[[ THE RECORDS open ]]
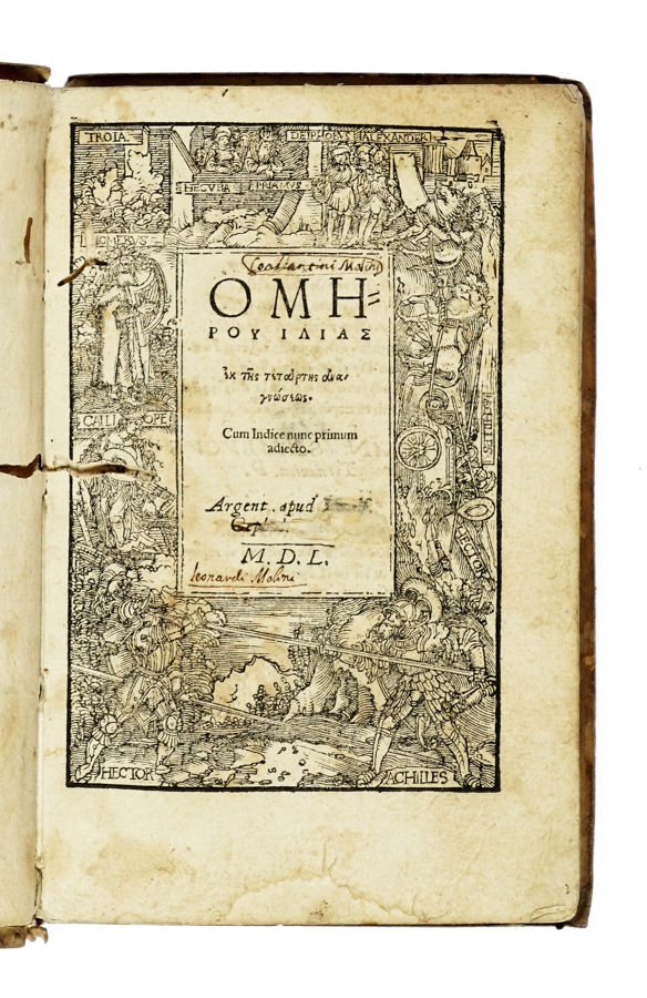 Homerus, Ilias. Argent.: apud Vuolf. Cephal., 1550 (Al colophon:) Argentorati: apud Vuolfgangum Cephalaeum, 1550 mense martio.
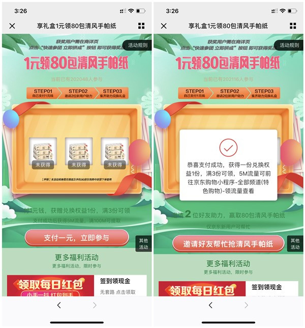活动步骤: 1、自己支付1元,拉2个好友各支付1元(或用QQ小号支付无限撸)得到商品券! 2、到了使用商品页不要直接自己开团,在下方加入他人团下0元下单,不然还要拉人 提示“当前活动火爆,请稍后在试”就是黑号,以后的活动都无法参加 PS:好友帮你支付1元也就自动开了他的团,所以不要浪费处! 活动地址:http://t.cn/E9Uas4t |
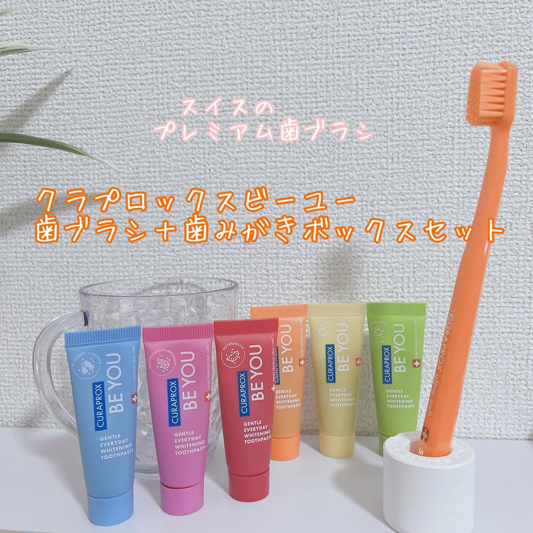 スイスのプレミアム歯ブラシ クラプロックスビーユー 歯ブラシ+歯みがきボックスセットを使ってみました。 スイス生まれの歯ブラシで全世界90カ国で販売されているそうなんです。カラーも種類も豊富で、クセになる磨き心地が特徴です。 歯みがきもカラフルで、6つのフルーツミックスペーストはどれがいいか悩んじゃうかなって思いますがボックスセットは6種類全部入っているコンプリートボックスなんです。 日本の歯みがきと比べると色にドキッとしちゃいますが、発泡成分でもあるSLS(ラウリル硫酸ナトリウム)やフッ素化合物を含まずナチュラル成分が使われてるそうです。キラキラしているのは、歯をキレイにコーティングする光沢材(ラメ)です。 ミニサイズなので、その日の気分で自由に選べるのも楽しいですよね。 歯ブラシは超極細毛がぎゅっと詰まっているので、ソフトな磨き心地で、歯ぐきにもやさしく歯はツルッツルな仕上がりなんですよね。 家族もお気に入りで、ここ最近はずっとクラプロックスです。なんだかクセになる使い心地なんですよね。 普通の歯ブラシと違うところは、ペングリップ(鉛筆持ち)でやさしく持ち、軽く当てて軽いタッチで磨くこと。慣れると簡単ですよ。 もう一つのポイントは、歯と歯肉に半分ずつ、角度45°で当てること。歯と歯の間、歯と歯肉の間をきれいに磨きやすいですよ。 ソフトな当たり口とツルッツルになるこの感覚をぜひ味わってほしいです〜。 #PR #株式会社クラデンジャパン #クラプロックス使ってみた #beyou #cs5460 #monipla #curaprox_fan
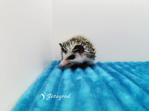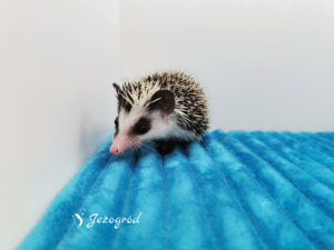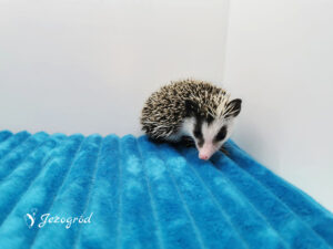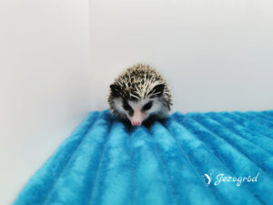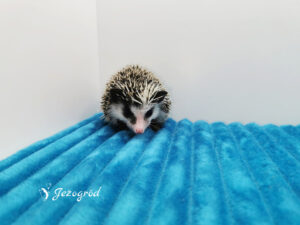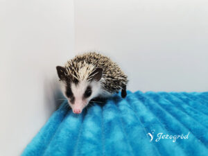 pół grzywki białe, pół ciemne – unikalny wygląd wśród jeży pigmejskich,
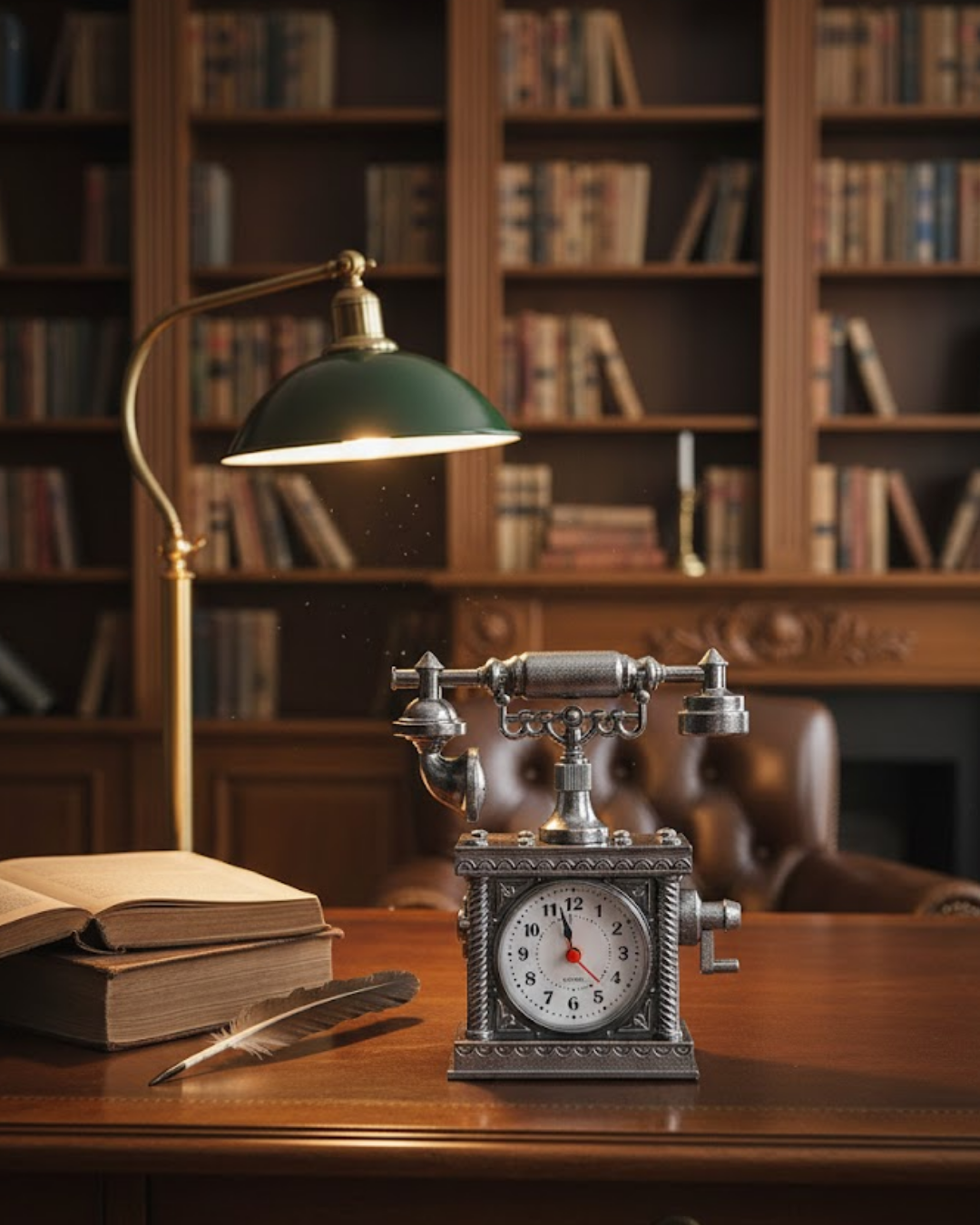 Vintage Telefon Tasarımlı Masa Saati ve Çalar Saat Dekoratif Model
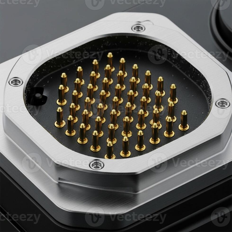 Close up of a high density electrical connector with numerous gold plated pins arranged in a hexagonal pattern within a robust housing Pro Photo
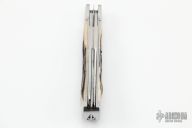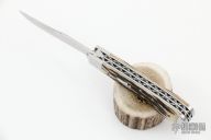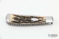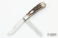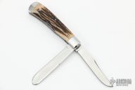 This Trapper by Tobin Hill features hand rub satin finished blades with a single nail nicks. The handle has stainless steel bolsters and stag covers with a stainless steel arrow head escutcheon, stainless steel liners and fileworked springs. Includes a padded zippered case. New from maker at the 2022 Blade Show.
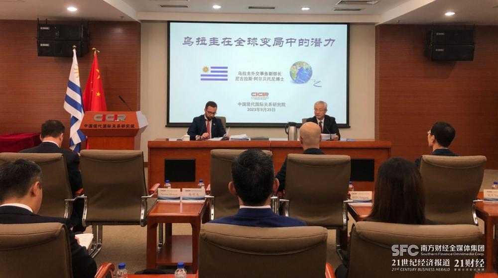 中国现代国际关系研究院院长杨明杰在会上称,中国与乌拉圭虽远隔万里,但互为值得信赖的战略伙伴。两国自2016年建立战略伙伴关系以来,政治互信不断巩固、务实合作日益深化、多边事务领域密切合作。当前,中国已成为乌拉圭最大贸易伙伴。今年恰逢中乌建交35周年,展望未来,两国前景广阔,合作潜力巨大。
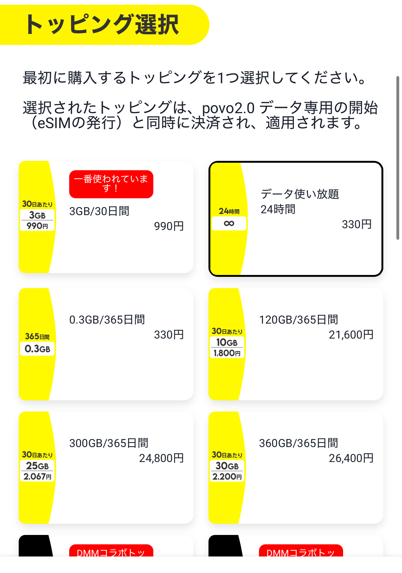 povoには通話+データプランとデータ専用プランの2つのベースプランが用意されています。
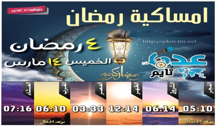 توقيت الإمساكية والافطار في العاصمة عدن يوم 4رمضان
[[ THE RECORDS closed ]]
An exact copy is needed. It runs from the line above containing "Close up of" down to the line containing "This Trapper by", both included, with no pictures.

[THE ANSWER]
 Close up of a high density electrical connector with numerous gold plated pins arranged in a hexagonal pattern within a robust housing Pro Photo
 This Trapper by Tobin Hill features hand rub satin finished blades with a single nail nicks. The handle has stainless steel bolsters and stag covers with a stainless steel arrow head escutcheon, stainless steel liners and fileworked springs. Includes a padded zippered case. New from maker at the 2022 Blade Show.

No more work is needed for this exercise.